ALBUM REVIEW: Fantasia – Slift
Since forming in 2016, French psychedelic trio SLIFT haven’t so much torn up the rock genre rulebook as rewritten the whole thing completely in an unknown alien language before burning it to ashes, blowing the ashes up, then sending whatever’s left on a rocket into deep space. Their acclaimed third album, 2024’s Ilion, was made up of a series of expansive, spaced-out sci-fi epics which explored themes influenced by Greek mythology. Its follow-up, Fantasia, is a leaner, more grounded offering though is no less ambitious in both its musicality and its concept.
SLIFT have been hailed in recent years as saviours of heavy psychedelic music, their musical influences very much rooted in the stalwarts of the genre before layering experimental sounds and themes on top of those influences to create something genuinely unique and exciting. Imagine HAWKWIND, BLACK SABBATH and PINK FLOYD jamming with FUGAZI and TALKING HEADS and you’ll be somewhere near but also fifteen million miles away.

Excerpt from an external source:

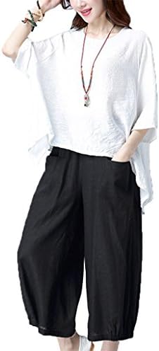 桃の花 与え 夏のスーツ女性のファッションツーピース2018新しいリネンツーピースの綿とリネンドレスのtシャツ女性のワイドレッグパンツ M 白と黒
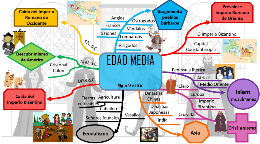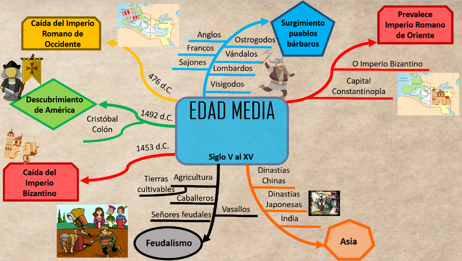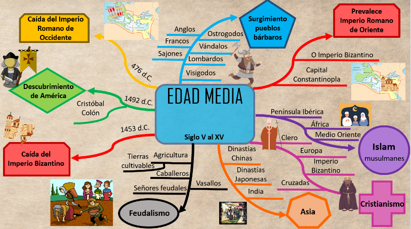 Esta duración de la Edad Media anótala en el centro de tu mapa conceptual.

Album opener and title track Fantasia demonstrates this perfectly. Starting off with howling feedback and a thundering, doomy rhythm section before Jean Fossat’s desperate post-punk cries elevate the song beyond the familiar, it is a rallying cry for a desperate world to find “a fire for your soul” and “take away the pain on your shoulders.” Sparkling shimmering keyboards lift the song further, reminiscent of the spacier moments on Ilion. Cleverly, this same keyboard pattern continues into Corrupted Sky, a song which really showcases the musical talents of the trio. Drummer Canek Flores’ driving, urgent verse patterns add an infectious groove under Jean’s Ian Mackaye-like vocals. This really is a song that somehow blends the edge of The Argument era FUGAZI and the groove of SABBATH, and it works even better than one might imagine. The anger and desperation in the vocal delivery sits perfectly alongside the songs themes of fear, xenophobia and finding the strength to stand up for those who can’t stand up for themselves.

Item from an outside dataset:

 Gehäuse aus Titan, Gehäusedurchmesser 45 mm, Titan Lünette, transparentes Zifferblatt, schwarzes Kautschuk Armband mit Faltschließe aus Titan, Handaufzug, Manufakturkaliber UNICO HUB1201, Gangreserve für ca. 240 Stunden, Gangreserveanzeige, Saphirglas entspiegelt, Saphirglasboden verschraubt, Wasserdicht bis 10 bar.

In contrast to their last effort then, Fantasia is an undoubtedly human record, one inspired by the band’s desire to finally speak out about the state of our world today and a concept that is expanded upon in album highlight The Village which tells the story of a stranger arriving in “a village by the sea”, only to be rejected by its inhabitants who “call me a liar…and say I poisoned their water.” It builds from an ominous, unnerving march to a desperate cry for help in its chorus with the music, lyrics and theme combining into as perfect a five minutes as you can experience in a piece of experimental rock music.
Kurt Ballou of CONVERGE has mixed the record and has done a phenomenal job in balancing everything to give it a huge yet totally organic sound. The keyboards never overpower, the drums, bass and guitars sit in the mix alongside each other without anything being swallowed up and Jean Fosset’s astonishing vocals complement it all, sometimes soaring over it and at others sitting back to let the rest of the band work their magic.
A Storm Of Wings sees the band return to a more traditional stoner rock groove, albeit one that sounds like it’s being led by an entirely unhinged David Byrne-esque frontman, while the mournful doom of album closer Secret Mirror will no doubt keep the more traditional Iommi riffheads engaged. However, it’s in Fantasia’s most unexpected moments where the real magic lies. In Orbis Tertius for example, a song inspired by postmodern writer Jorge Luis Borges’ short story of the same name which tells a tale of an entirely fictional world bleeding into the reality of our own. Musically progressive and complex, it is still so tied into the heavy groove laid down by Flores and bassist Remi Fosset that it is both wonderfully familiar and completely insane at the same time. Catchy and angular. Mad and making perfect sense. This is the beauty of this record. It is like discovering music from a different dimension.
Fantasia is not just an incredible psychedelic rock record, it is an incredible rock record full-stop. Somehow SLIFT continue to push the boundaries and in doing so are creating some of the most exciting heavy music around.
Rating: 10/10

Fantasia is set for release on June 5th via Sub Pop.